### Supplied data ###
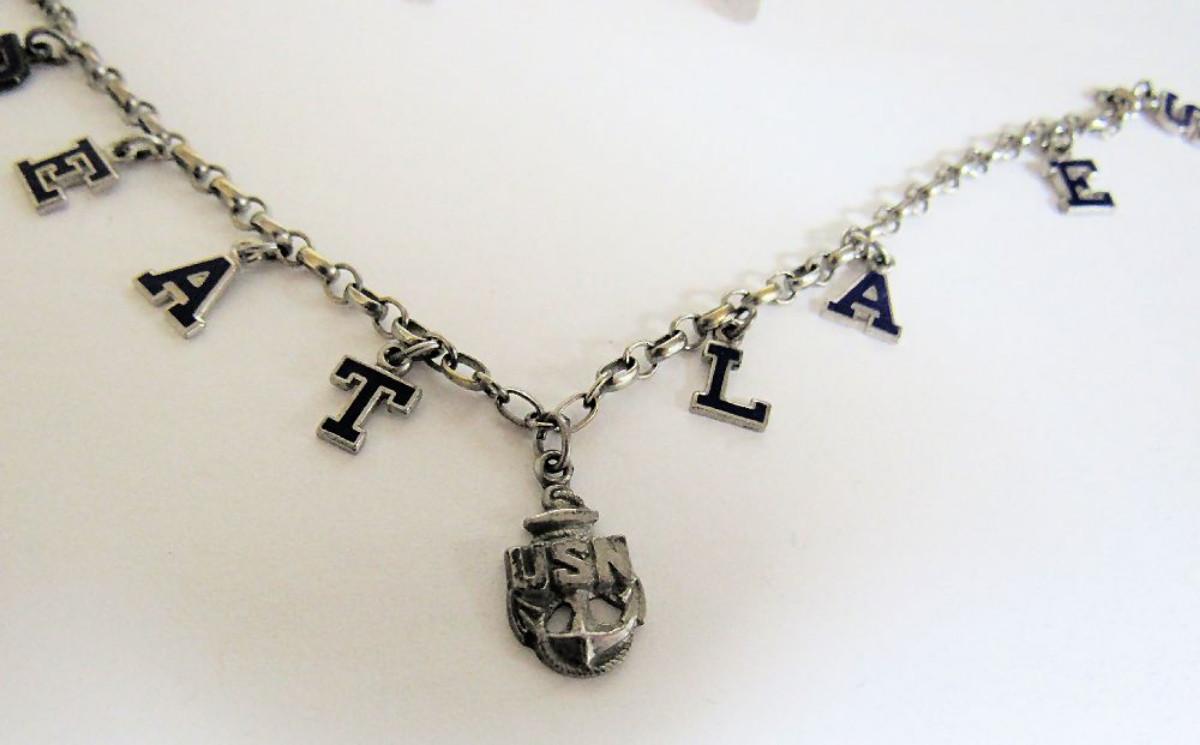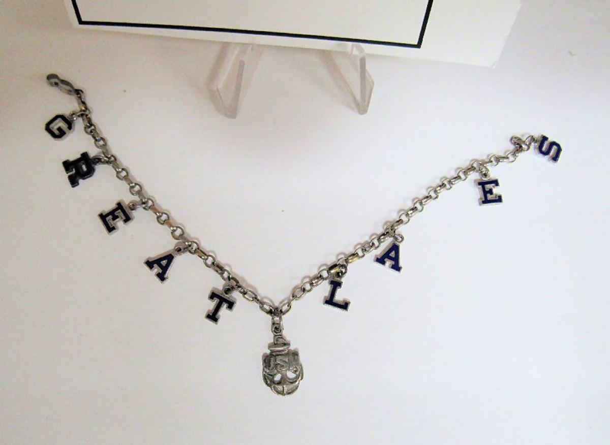 Vintage Great Lakes Charm Bracelet Gold Filled, USN Charm, Some Sterling Letter Charms
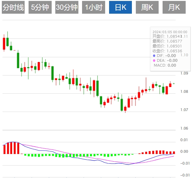 周二亚盘,欧元/美元走低,现报1.0851。欧元/美元在近期上行阻力区震荡,降息押注锁定。此外,美国非农就业数据将成为本周的关键数据。
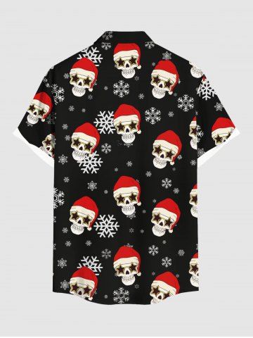 Plus Size Christmas Hat Snowflake Stars Skull Print Button Pocket Shirt For Men - Black - S
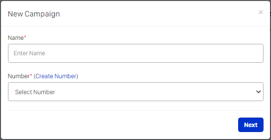 Upon creating a new campaign, you will be required to name the campaign and assign a number. If you any available numbers, you can select which you want to assign from the dropdown. Otherwise, you can purchase a new number by clicking on Create Number button.
###
§ Exercise goal
Could every line above be set down exactly, with the pictures omitted?

§ Task output
 Vintage Great Lakes Charm Bracelet Gold Filled, USN Charm, Some Sterling Letter Charms
 周二亚盘,欧元/美元走低,现报1.0851。欧元/美元在近期上行阻力区震荡,降息押注锁定。此外,美国非农就业数据将成为本周的关键数据。
 Plus Size Christmas Hat Snowflake Stars Skull Print Button Pocket Shirt For Men - Black - S
 Upon creating a new campaign, you will be required to name the campaign and assign a number. If you any available numbers, you can select which you want to assign from the dropdown. Otherwise, you can purchase a new number by clicking on Create Number button.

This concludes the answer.